Injecter une immunothérapie directement dans les lésions précancéreuses buccales réduit leur taille et évite la chirurgie
Un petit essai de phase I a montré que le nivolumab injecté dans des lésions précancéreuses buccales réduisait ces lésions chez 85 % des patients, offrant ainsi une alternative non chirurgicale.
Résumé
Des chercheurs du MD Anderson Cancer Center ont testé l'injection d'une faible dose de nivolumab, un médicament d'immunothérapie, directement dans des lésions buccales précancéreuses à haut risque. Dans un essai de phase I portant sur 29 patients, 85 % ont présenté une réponse clinique, et deux tiers d'entre eux ont vu leur lésion réduire d'au moins la moitié. Environ 21 % ont obtenu une réponse pathologique complète, et 82 % des lésions traitées sont restées exemptes de cancer à un an. Aucune toxicité grave n'a été observée. Cette approche pourrait éviter aux patients de subir des interventions chirurgicales buccales répétées, qui altèrent souvent la parole et la déglutition. Un essai de phase II contrôlé par placebo est désormais en cours pour confirmer ces résultats.
Résumé détaillé
Les lésions précancéreuses orales touchent environ 5 % de la population générale et présentent un risque de progression vers le cancer pouvant atteindre 36 %. Le traitement standard est chirurgical, mais les récidives sont fréquentes, nécessitant souvent plusieurs interventions susceptibles d'altérer durablement la parole, la déglutition et l'alimentation. Des chercheurs testent désormais si une immunothérapie injectée directement dans ces lésions peut éviter totalement le recours à la chirurgie.
Dans un essai de phase I présenté lors de la réunion annuelle de l'American Association for Cancer Research, 29 patients présentant des lésions orales prémalignes à haut risque ont reçu des injections intralésionnelles de nivolumab, un inhibiteur du point de contrôle PD-1, toutes les trois semaines pendant quatre cycles. Les doses n'étaient que de 10 ou 20 mg — soit environ 2 à 4 % d'une dose systémique standard — réduisant ainsi l'exposition tout en ciblant directement la lésion.
Les résultats sont remarquables pour une étude en phase précoce. Quatre-vingt-cinq pour cent des patients ont présenté une réponse clinique, et la surface médiane des lésions a diminué de 60 %. Environ 41 % ont montré une régression histologique de leur lésion, et 21 % ont obtenu une réponse pathologique complète. La survie sans cancer à un an était de 76 % chez les patients en réponse complète, et 82 % de l'ensemble des lésions traitées sont restées sans cancer au terme d'un an. Six patients ont progressé vers un cancer, mais tous ont été détectés à un stade précoce et traités chirurgicalement par résection.

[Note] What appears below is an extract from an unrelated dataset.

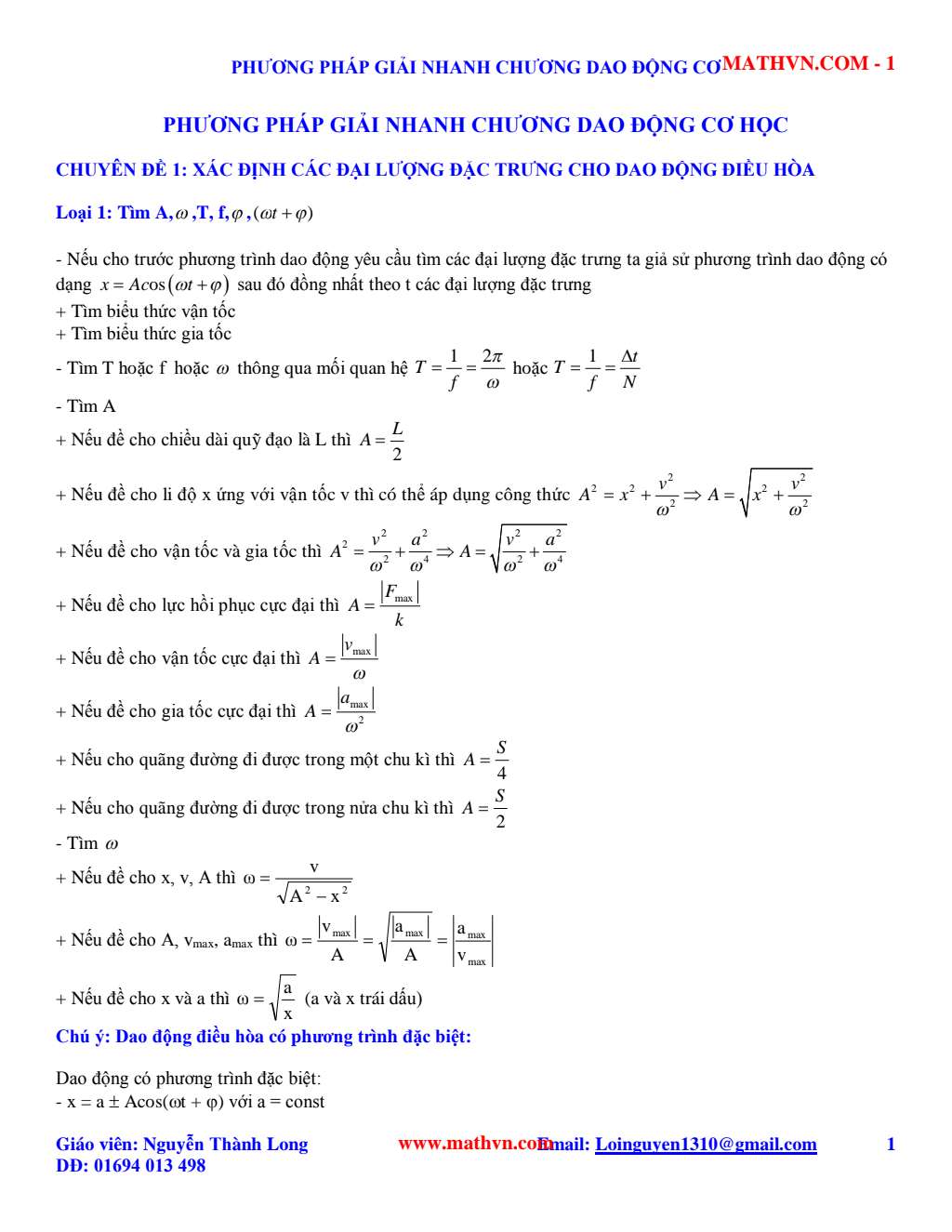 Chuyên đề Dao động cơ học Ôn thi Đại học môn Lý gồm 11 phần Chuyên đề con.pdf

Le profil de sécurité était favorable. Aucune toxicité limitant la dose n'a été observée, et les effets indésirables — fatigue, diarrhée et éruption cutanée — étaient cohérents avec les profils connus de l'immunothérapie à faibles doses. Fait notable, une seule lésion par patient a été traitée, et pourtant des réponses sont apparues dans certaines lésions non traitées, laissant entrevoir une possible activation immunitaire systémique.
Il s'agit d'une étude en phase précoce avec un faible effectif, et les résultats devront être validés dans l'essai de phase II contrôlé contre placebo en cours avant toute adoption clinique. Néanmoins, pour les millions de personnes vivant avec des précancers oraux, cette approche immunothérapeutique non chirurgicale représente une avancée potentiellement significative en matière de prévention du cancer et de préservation de la qualité de vie.
Principales conclusions
- 85% of patients with oral precancers responded to direct nivolumab injections in a phase I trial
- Median lesion area shrank by 60%; 21% of patients achieved complete pathologic response
- 82% of treated lesions remained cancer-free at one year with no dose-limiting toxicities
- Doses used were only 2–4% of standard systemic nivolumab, reducing systemic exposure risk
- A placebo-controlled phase II trial is now underway to validate these early findings
Méthodologie
Je comprends. Veuillez fournir le texte à traduire et je m'en occuperai immédiatement.
Limites de l'étude
L'essai n'a recruté que 29 patients, ce qui limite la puissance statistique et la généralisabilité des résultats. Ces résultats sont issus d'une présentation lors d'un congrès et n'ont pas encore été soumis à l'évaluation par les pairs ni publiés intégralement. La durabilité à long terme des réponses et l'efficacité comparative par rapport à la chirurgie restent inconnues dans l'attente des données de phase II.